While AI assistants such as these comply with requests, they’re a long way from autonomous AI agents that weigh the pros and cons of multiple options and act without human oversight. Making that work in a campus environment is an immense challenge.
“Accuracy is always a problem if you’re going to fully automate things,” says Dan Harder, UT-Knoxville’s chief academic technology officer. Autonomous agents need human input to validate their assumptions and processes, he adds.
Harder notes that UT Knoxville’s technology teams work with the provost’s office to establish AI governance and guardrails. Policies define what kind of data AI tools can access and establish security and privacy controls to prevent, for instance, the use of private data in training AI models.
Education AI Agent Capabilities and Use Cases
Autonomous agents are still evolving, but the possibilities are growing.
Harder sees strong applications for using AI assistants in the campus HR department, including drafting job descriptions and summarizing the main points of extensive email threads. Just being able to use a tool such as ChatGPT to create the first draft of a report or memo can be a huge time-saver, he adds. AI assistants can help if your campus doesn’t have enough staff or budget to handle everyday challenges.
Similarly, researchers have noted a host of ways that agentic AI tools can potentially drive improvements in higher education. Agents will be able to gather data from multiple sources to assess a student’s progress across multiple courses. If the student starts falling behind, processes could kick in to help them catch up. Agents can relieve teachers and administrators from time-consuming chores such as grading multiple-choice tests and monitoring attendance.
The idea is catching on.
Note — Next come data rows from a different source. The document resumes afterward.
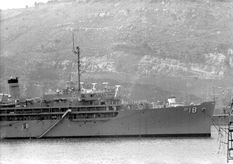 92k | A closer view of USS Sierra (AD-18) at Barcelona, Spain, 2 July 1977. | Photo by Fabio Peņa | |
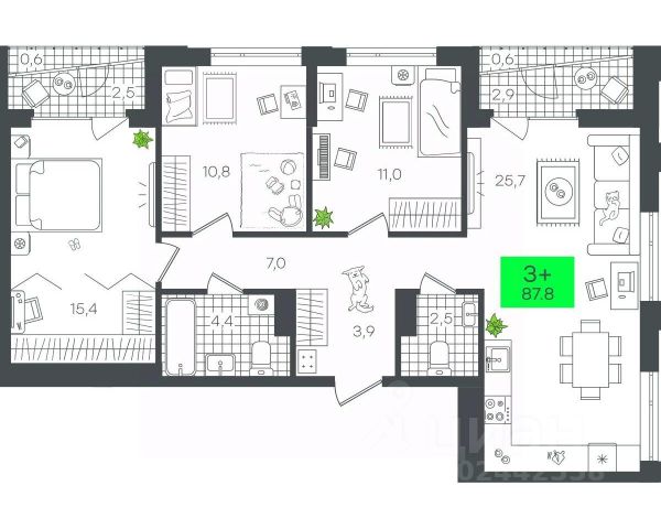 Гармоничная функциональная планировка, включает в себя просторную кухню-гостинную, 2 жилые комнаты, одна из которых с большой гардеробной с окном, свободную прихожую, где комфортно разместится шкаф-купе, совмещенный сан.узел и постирочная. Высокие потолки и полувитражные окна дополняют ощущение "воздуха" и простора.
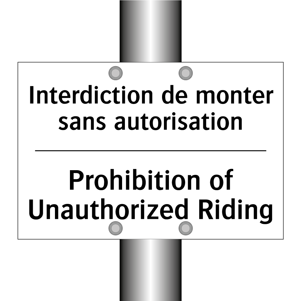 Panneau d'interdiction bilingue avec texte en français : "Interdiction de monter sans autorisation", et en anglais : "Prohibition of Unauthorized Riding"

Andrew Ng, co-founder of Coursera, launched a startup called Kira Learning to ease burdens on overworked teachers. “Kira’s AI tutor works alongside teachers as an intelligent co-educator, adapting in real-time to each student’s learning style and emotional state,” Andrea Pasinetti, Kira Learning’s CEO, says in an interview with The Observer.
Moreover, the Agent Laboratory at Johns Hopkins University crafted a framework for applying LLMs to review literature, write code and document research results. “Agent Laboratory significantly reduces research expenses, achieving an 84% decrease compared to previous autonomous research methods,” authors of an academic report about the lab write.